The prices at both stores increased by slightly more than 1 percent when the cost of ground beef was added.
• Prices increased by 10.8 percent over the four trips at the Smith Road Wal-Mart when the cost of ground beef was factored in, highest among all the surveyed stores.
• The lowest complete basket price among all the stores during any of the four visits was $18.74 at Wal-Mart in Centennial. The highest was $27.50, at the Greenwood Village King Soopers at South Holly Street and East Orchard Road.
• Some items had no price on display, leaving customers to purchase blindly or find a scanner to do their own price check.
• Some “sale” prices were actually the regular price from a previous visit masking a price increase.
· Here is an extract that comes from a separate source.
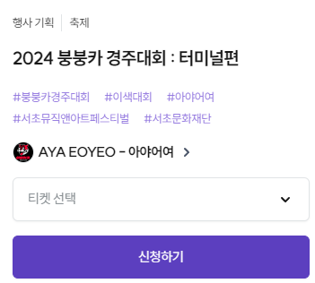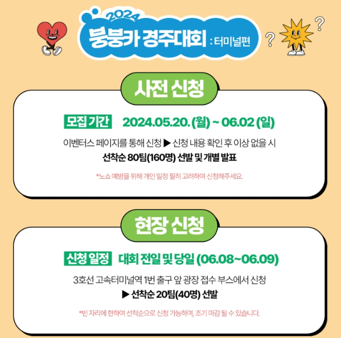 | 2024년 6월 9일 | 15:00~17:00 | 서울고속버스터미널 광장 | 2인 1팀, 선착순 80팀 |

For example, the regular price of a pound of Gala apples was $1.28 at the Safeway on 20th Avenue on Sept. 19. The following visit, on Oct. 5, the regular price was $1.99 a pound, but the apples were on “sale” for $1.28.
Then, on Jan. 11, the apples were regularly priced at $1.99 a pound.
“Fiercely competitive”
Pennies can make a difference to shoppers, Safeway spokeswoman Kris Staaf conceded, but “the grocery business is fiercely competitive.”
“The goal is to maintain consistent prices,” Staaf said. “There’s some fluctuation here and there, but it’s all driven by competition.”
Industry experts said they doubted retail prices are intentionally raised to coincide with the distribution of food stamps.
“I don’t subscribe to any logic that retailers target the poor deliberately, or introduce errors into the scanner system or any other game,” said Edgar Dworsky, founder of Consumer World and a former assistant attorney general.
“The ethical question of whether lower prices should be in lower-income areas is a little too goody-two-shoes,” he said.
Nevertheless, disparities do exist.
On a shopping trip on Jan. 11, The Post found that prices on six items at the Smith Road Wal-Mart near the Stapleton development were more expensive than at the Wal-Mart in Centennial and 10 items at the Smith Road store had increased in price from a previous visit there.
Over all four shopping trips, items at the Smith Road store were more expensive 23 times than the same products at the Centennial-based Wal-Mart, where items were more expensive than the Smith Road store eight times.
Officials at Wal-Mart said the discrepancies are minor.
“I think it’s fair to say that our prices were the same at both stores most of the time, or at least more often than not,” said Bill Wertz, Wal-Mart’s division director of public affairs. “Both Stapleton and Centennial modify prices to reflect local competition.”
Competition is key to store pricing, experts say. If a store has no opposition, then prices can fly unchecked.
“A Safeway next to a King Soopers would keep competitive pressure high and prices down,” said Rick Shea, president of Shea Marketing and an expert on retail grocery operations. “But a Safeway with no competitor for 10 miles is the only game in town and could have higher prices.”
And the cost of groceries is rising as the price of wheat and corn hits heights unseen in years. The price of U.S. wheat, for example, has more than tripled in the past 10 months. That means the price of bread is shooting up.
What’s driving the surge? Poor wheat harvests in foreign markets such as Australia and parts of Europe are causing countries that rely on them to buy up American supplies, now even more appealing with the sagging dollar.
Add to that the U.S. government’s incentives for growers to plant more corn specifically for ethanol production and suddenly demand exceeds supply. Then there’s the surging price of gasoline and diesel, putting even greater pressure on the demand for alternative fuels.
And there’s little sign of a letup.
New federal estimates place the number of food-stamp recipients at 28 million people by year’s end the most since the program began in the 1960s.
Said Shea: “The bottom line, from retailers to consumers, is it’s capitalism, good or bad.”